Training protocol: NN distances computed for all points. Mixed samples of clustered and non-clustered points compiled and split into training, validation, and test sets. Example: 07VEJJ trained on 500,000 samples (balanced classes), validated on 100,000, tested on 100,000. Ten-fold cross-validation performed. Alternative input tested: normalized relative xy coordinates for each neighbor (2D vectors) achieving similar accuracy but requiring much longer training times (especially for 1000 neighbors).
Post-processing/segmentation: After labeling points, clustered points are grouped into clusters: each clustered point is grouped with its nearest neighbor if that neighbor is also labeled clustered; iteratively include consecutive neighbors until a non-clustered neighbor occurs. Cluster shapes formed by placing discs centered on cluster points (radius proportional to mean NN distance) and taking their union; resulting outline is eroded proportionally to mean NN distance to form final cluster shape. Cluster properties (area, shape, points per cluster, densities) are then quantified.

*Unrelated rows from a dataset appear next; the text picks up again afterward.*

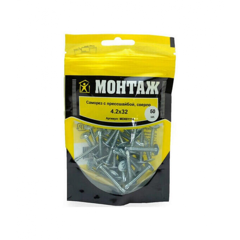Саморез с прессшайбой МОНТАЖ. Оцинкованная сталь, наконечник со сверлом. Диаметр 4.2 мм, длина 32 мм. Упаковка: дой-пак, 50 шт.
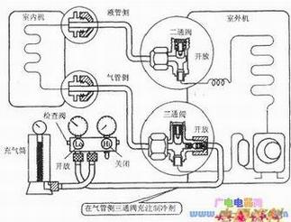 气管侧、液管侧均为三通截止阀的空调器,其充注制冷剂的管线连接方法如下图所示。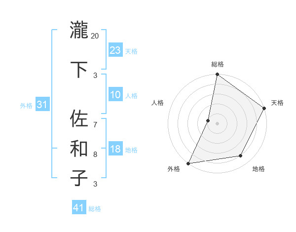 瀧下 佐和子さんを姓名の画数から五運を鑑定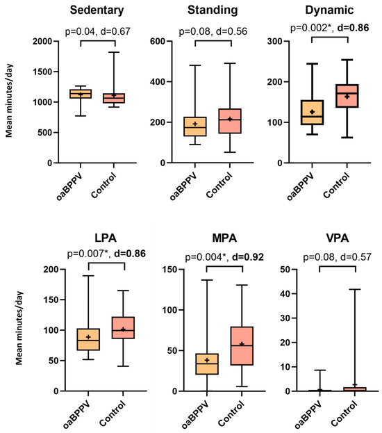 Mean minutes of physical activity classifications/day in older adults with BPPV (n = 32) compared to an age-, weight-, and height-matched controls (n = 22). The boxplots indicate the medians, interquartile range and minimum and maximum values, with the’+’ indicating the mean values. Significant p-values are indicated with ‘*’. Sufficiently large cohen’s d are indicated in bold. Abbreviations: oaBPPV, older adults with BPPV; Control, older adults in control group; LPA, low physical activity; MPA, moderate physical activity; VPA, vigorous physical activity.

Performance evaluation on simulated data: Models trained on a range of scenarios and tested on held-out and novel scenarios, including densities from 10–500 points/µm², varied cluster sizes (including beyond training, up to 100 points; additional tests at 150–200 points per cluster), Gaussian-distributed clusters, and structured clusters (lines, rings). Sensitivity analyses on model input window size (50/100/200 NNs) and training on smaller vs larger clusters. Comparative benchmarking with Getis & Franklin LPPA, Bayesian cluster analysis, DBSCAN, and SR-Tesseler. Timings measured where possible.
Extensions:
- 3D model (GAXJPR): Same general architecture as XPILJZ, input 1000 3D NN distances; trained on 3D simulated spherical clusters with axial spread up to 500 nm.
- Multi-class model (3TXKFS): Input from 1000 neighbors; outputs three classes: non-clustered, clustered (round), clustered (fiber), trained on mixed circular and filamentous structures.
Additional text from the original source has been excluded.